(Material provided Opens)
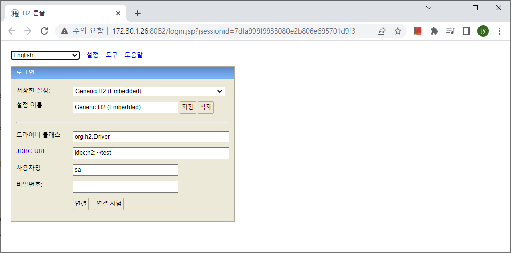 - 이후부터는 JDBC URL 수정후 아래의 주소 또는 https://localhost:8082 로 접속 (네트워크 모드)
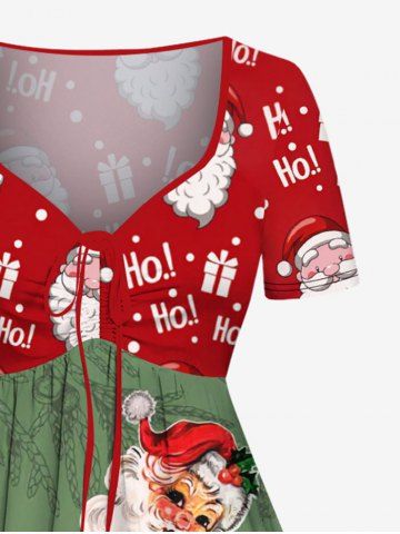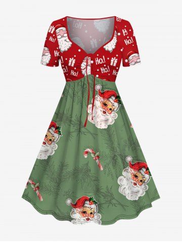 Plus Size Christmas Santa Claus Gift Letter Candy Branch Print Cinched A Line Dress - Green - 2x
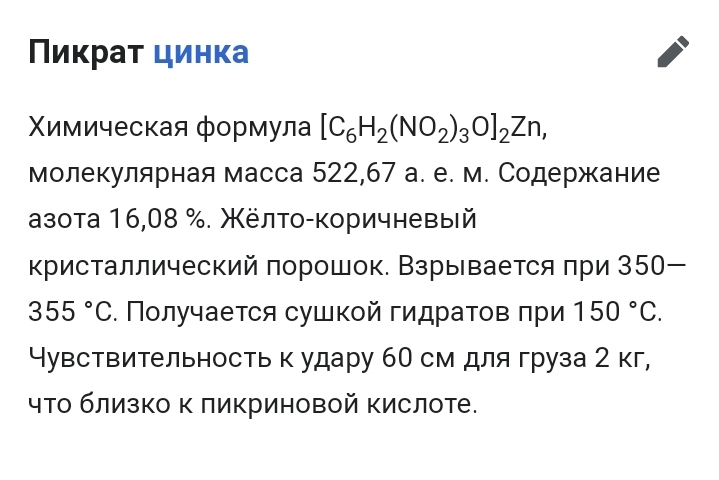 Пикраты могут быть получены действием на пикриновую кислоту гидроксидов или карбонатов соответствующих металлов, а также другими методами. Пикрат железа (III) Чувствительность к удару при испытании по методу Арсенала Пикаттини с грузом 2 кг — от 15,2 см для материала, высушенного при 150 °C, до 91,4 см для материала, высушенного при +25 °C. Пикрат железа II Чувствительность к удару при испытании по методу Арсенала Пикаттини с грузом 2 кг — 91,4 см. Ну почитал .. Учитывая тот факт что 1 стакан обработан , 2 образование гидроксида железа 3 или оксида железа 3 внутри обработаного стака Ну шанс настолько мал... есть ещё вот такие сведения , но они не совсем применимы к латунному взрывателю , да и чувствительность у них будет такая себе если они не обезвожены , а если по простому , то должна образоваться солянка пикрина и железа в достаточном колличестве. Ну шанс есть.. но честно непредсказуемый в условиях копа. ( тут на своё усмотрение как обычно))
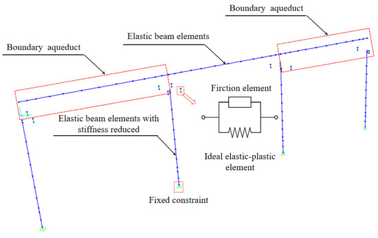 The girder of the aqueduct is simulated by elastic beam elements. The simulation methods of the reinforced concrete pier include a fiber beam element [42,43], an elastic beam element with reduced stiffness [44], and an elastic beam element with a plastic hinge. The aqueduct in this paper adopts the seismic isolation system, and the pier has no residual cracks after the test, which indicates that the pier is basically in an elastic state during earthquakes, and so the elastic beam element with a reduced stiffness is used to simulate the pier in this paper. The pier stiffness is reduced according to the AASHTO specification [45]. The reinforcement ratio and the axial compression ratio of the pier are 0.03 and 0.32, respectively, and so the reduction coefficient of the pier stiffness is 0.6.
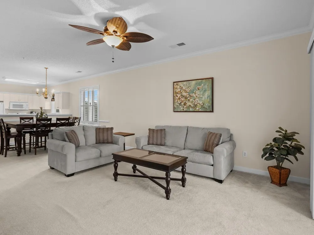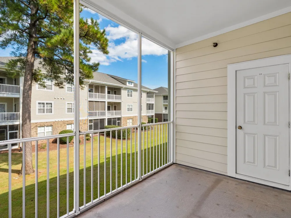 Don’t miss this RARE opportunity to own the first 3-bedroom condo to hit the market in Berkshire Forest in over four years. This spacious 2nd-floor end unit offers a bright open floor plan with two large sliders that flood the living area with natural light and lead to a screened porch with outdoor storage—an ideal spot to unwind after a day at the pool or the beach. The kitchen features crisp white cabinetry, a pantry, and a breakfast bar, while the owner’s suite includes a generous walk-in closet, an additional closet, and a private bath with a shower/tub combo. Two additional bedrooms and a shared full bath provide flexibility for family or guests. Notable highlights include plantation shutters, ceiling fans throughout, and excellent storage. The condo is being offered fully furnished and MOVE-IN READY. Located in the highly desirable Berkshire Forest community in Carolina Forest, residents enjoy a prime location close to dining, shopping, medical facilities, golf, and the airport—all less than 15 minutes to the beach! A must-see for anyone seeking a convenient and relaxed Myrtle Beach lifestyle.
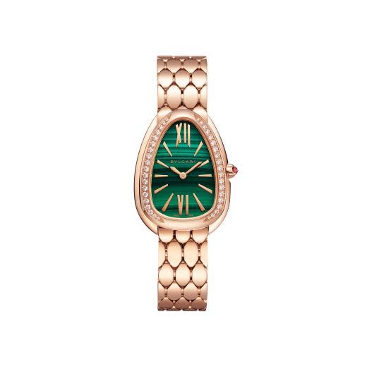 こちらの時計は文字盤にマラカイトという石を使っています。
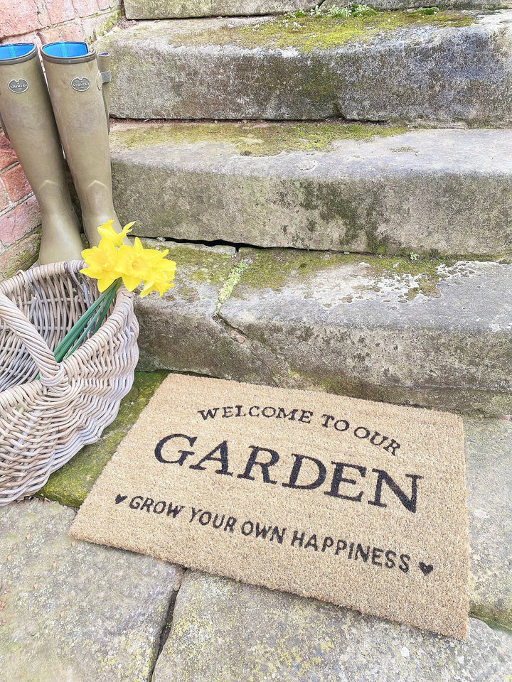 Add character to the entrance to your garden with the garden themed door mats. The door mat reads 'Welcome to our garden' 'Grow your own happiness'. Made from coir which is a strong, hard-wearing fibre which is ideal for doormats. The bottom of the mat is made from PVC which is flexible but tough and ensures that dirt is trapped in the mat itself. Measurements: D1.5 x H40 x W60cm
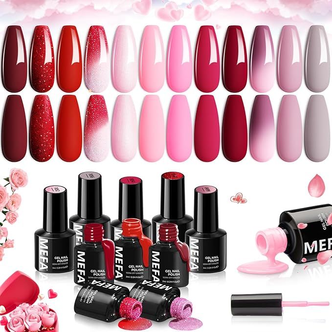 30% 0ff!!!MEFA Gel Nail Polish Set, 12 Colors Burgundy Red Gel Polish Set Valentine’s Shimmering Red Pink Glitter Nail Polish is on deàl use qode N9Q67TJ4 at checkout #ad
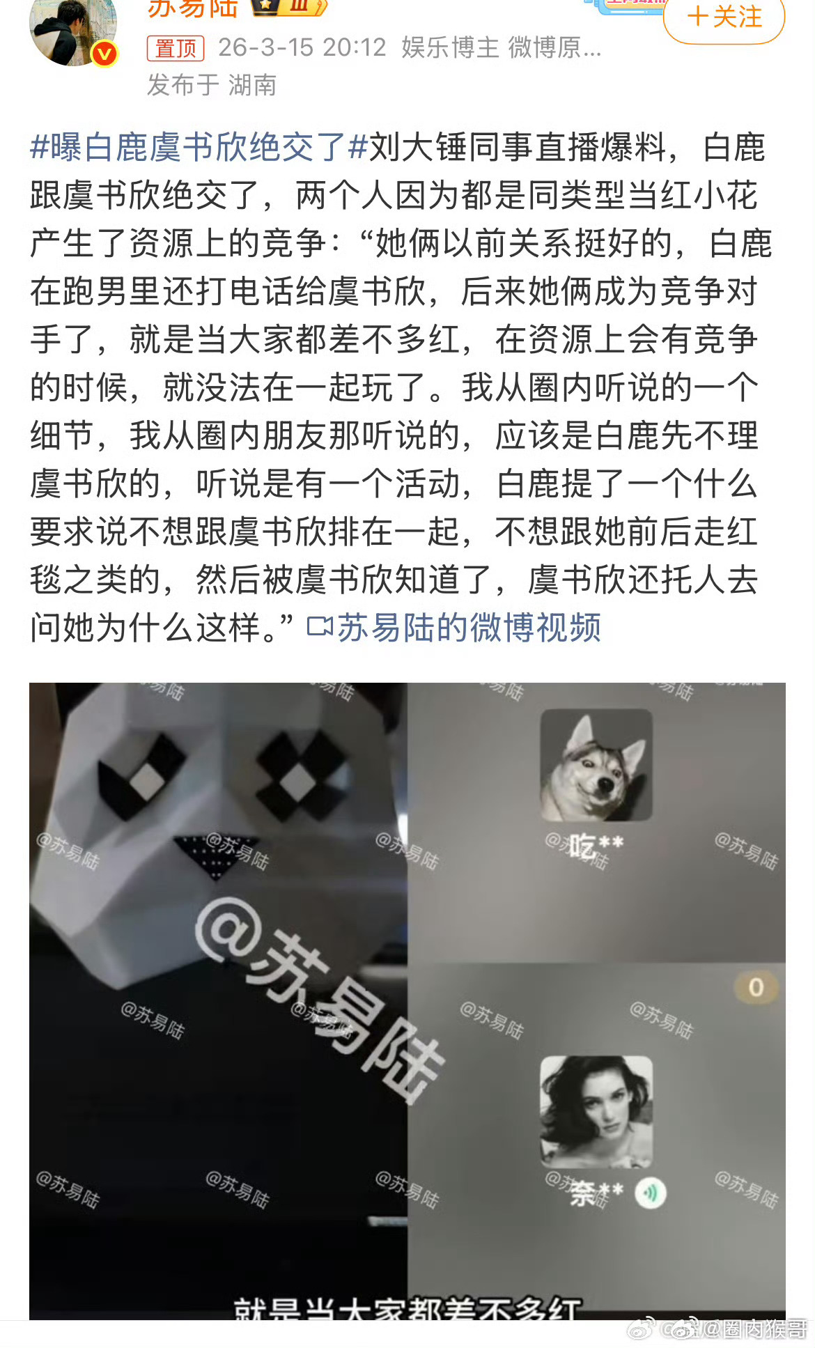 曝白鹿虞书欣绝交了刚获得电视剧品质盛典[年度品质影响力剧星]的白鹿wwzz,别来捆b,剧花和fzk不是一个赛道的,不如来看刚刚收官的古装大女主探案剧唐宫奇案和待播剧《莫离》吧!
(Material provided Closes)
(Material provided Opens)
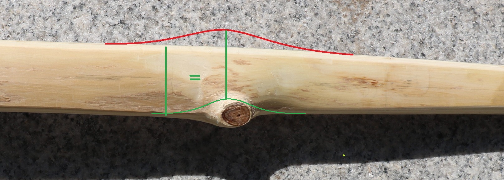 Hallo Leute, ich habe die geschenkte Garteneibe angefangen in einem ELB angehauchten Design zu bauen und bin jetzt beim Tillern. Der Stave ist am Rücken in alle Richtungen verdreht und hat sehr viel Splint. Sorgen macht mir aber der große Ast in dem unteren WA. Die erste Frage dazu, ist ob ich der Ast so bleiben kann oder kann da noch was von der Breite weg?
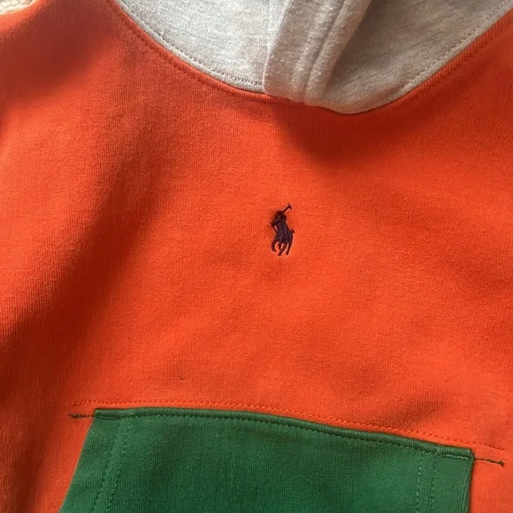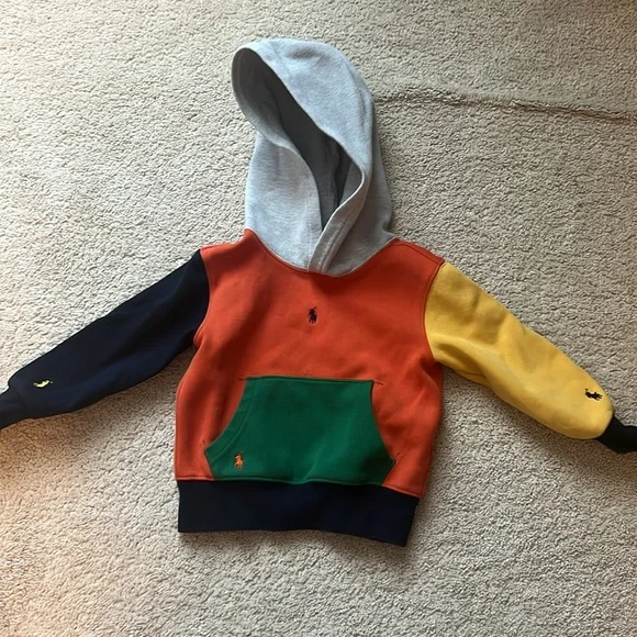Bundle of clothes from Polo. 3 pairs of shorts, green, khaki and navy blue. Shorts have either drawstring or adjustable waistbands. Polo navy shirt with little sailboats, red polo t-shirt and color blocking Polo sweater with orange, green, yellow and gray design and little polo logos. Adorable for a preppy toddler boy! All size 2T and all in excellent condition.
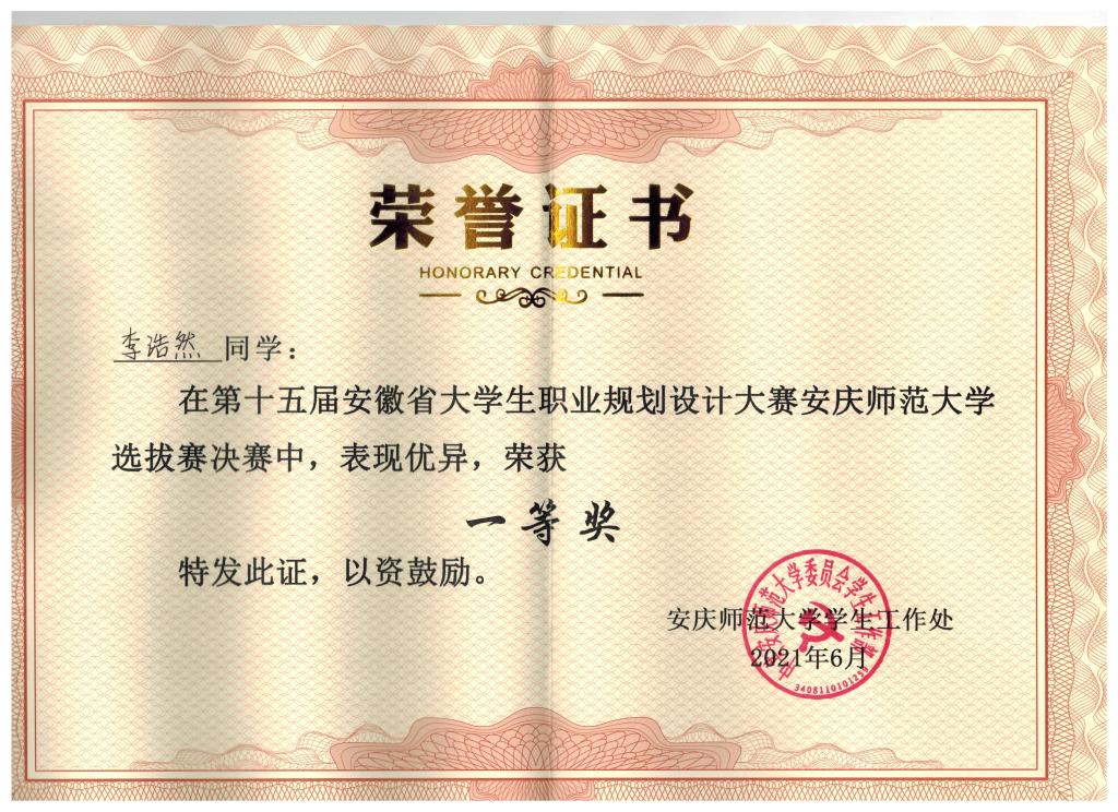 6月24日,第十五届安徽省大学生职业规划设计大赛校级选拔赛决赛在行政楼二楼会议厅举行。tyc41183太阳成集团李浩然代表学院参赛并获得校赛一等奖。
(Material provided Closes)
(Material provided Opens)
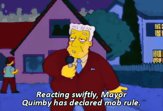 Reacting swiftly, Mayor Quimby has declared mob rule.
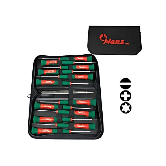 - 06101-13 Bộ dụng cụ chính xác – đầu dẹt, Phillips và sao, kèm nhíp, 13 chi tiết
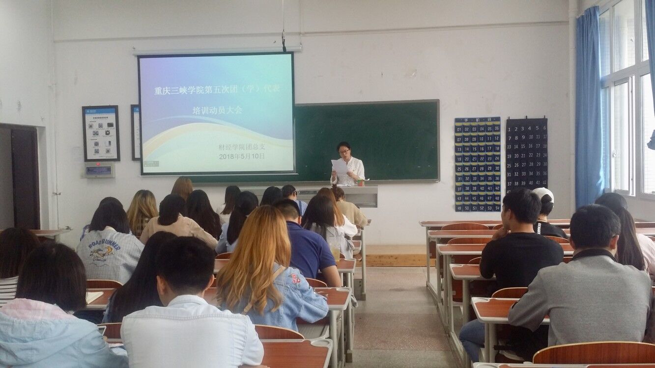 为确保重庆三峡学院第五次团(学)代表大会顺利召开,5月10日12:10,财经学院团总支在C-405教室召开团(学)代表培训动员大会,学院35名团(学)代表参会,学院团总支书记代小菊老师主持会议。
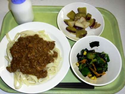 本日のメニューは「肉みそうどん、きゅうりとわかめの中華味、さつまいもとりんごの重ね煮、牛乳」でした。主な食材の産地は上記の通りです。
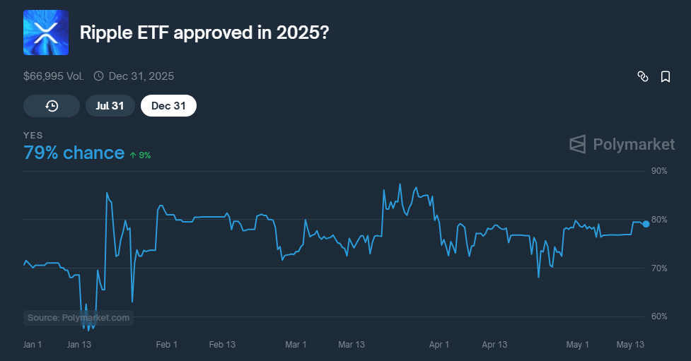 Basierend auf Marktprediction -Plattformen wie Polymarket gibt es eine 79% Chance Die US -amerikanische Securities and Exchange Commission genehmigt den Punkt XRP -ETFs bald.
(Material provided Closes)
● Description of the task: Taking the entries above, copy word for word the lines from the one with "- 이후부터는 JDBC" up to and including the one with "Plus Size Christmas", without any picture.

● Exercise response:
 - 이후부터는 JDBC URL 수정후 아래의 주소 또는 https://localhost:8082 로 접속 (네트워크 모드)
 Plus Size Christmas Santa Claus Gift Letter Candy Branch Print Cinched A Line Dress - Green - 2x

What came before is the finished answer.